Legal Alert: TransUnion LLC v. Ramirez - High Court Limits Class Standing in Alphabet Litigation (and elsewhere)

Jacob D. Rhode, Amanda Stubblefield Burton, and Carson E. Miller

After much anticipation, the Supreme Court issued its opinion in TransUnion LLC v. Ramirez.[1]  In a 5-4 ruling with some strange bedfellows, the majority held that most of the class members in a Fair Credit Reporting Act (“FCRA”) class action did not suffer a concrete harm necessary for Article III standing – and the majority’s “no concrete harm – no standing” analysis modifies and clarifies Spokeo and redefines standing and class definitions in most class action litigation.[2]  This case is a must-read for anyone currently involved in class action litigation and will have far-reaching implications for all types of class action litigation.

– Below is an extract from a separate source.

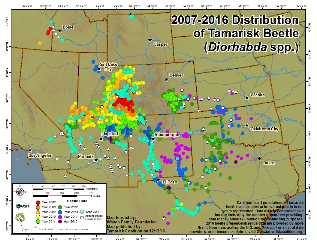 In fact, the introduced tamarisk beetle is working too well. It has spread far beyond the regions where it was introduced and produced wastelands of dead trees in Arizona and Southern California. Since one of the rarest desert birds depends upon tamarisk there isn’t much to celebrate about this over-achiever beetle.
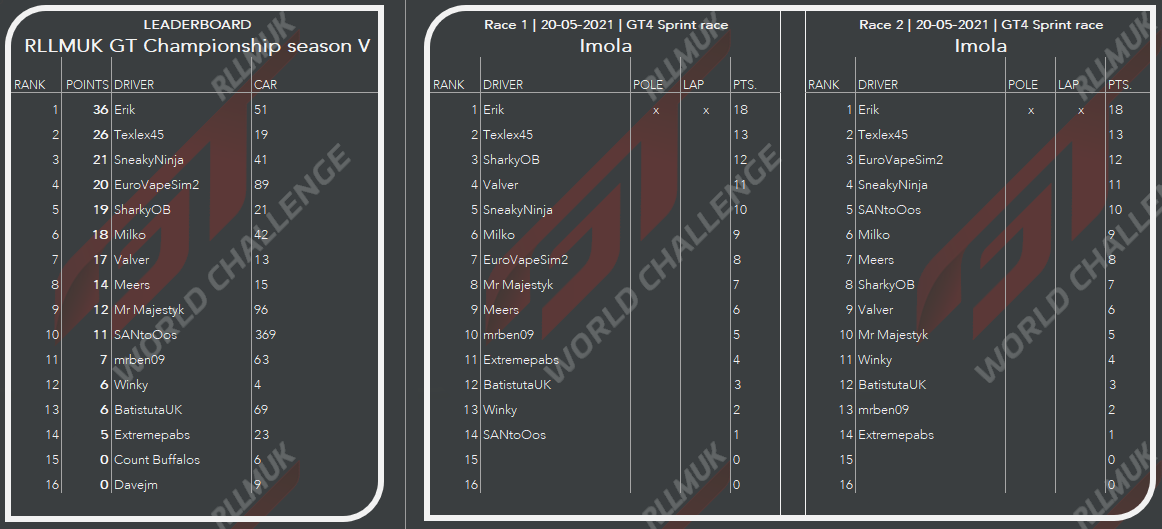 Thanks again everyone for the great racing, had some good battles in the first race and an unfortunate contact on the penultimate corner on the last lap.

The case arose from named-plaintiff Sergio Ramirez’s claim that he was unable to buy a car after TransUnion reported to lenders that he was a potential match on the U.S. Department of the Treasury’s Office of Foreign Assets Control’s database of criminals, drug traffickers, and terrorists (“OFAC Alert”).[3] When Ramirez requested his credit file from TransUnion, the file that TransUnion provided to him did not disclose that Ramirez’s file contained an OFAC Alert.[4]  TransUnion later sent Ramirez a letter disclosing the OFAC Alert, but did not include a “summary of rights” required under the FCRA.[5]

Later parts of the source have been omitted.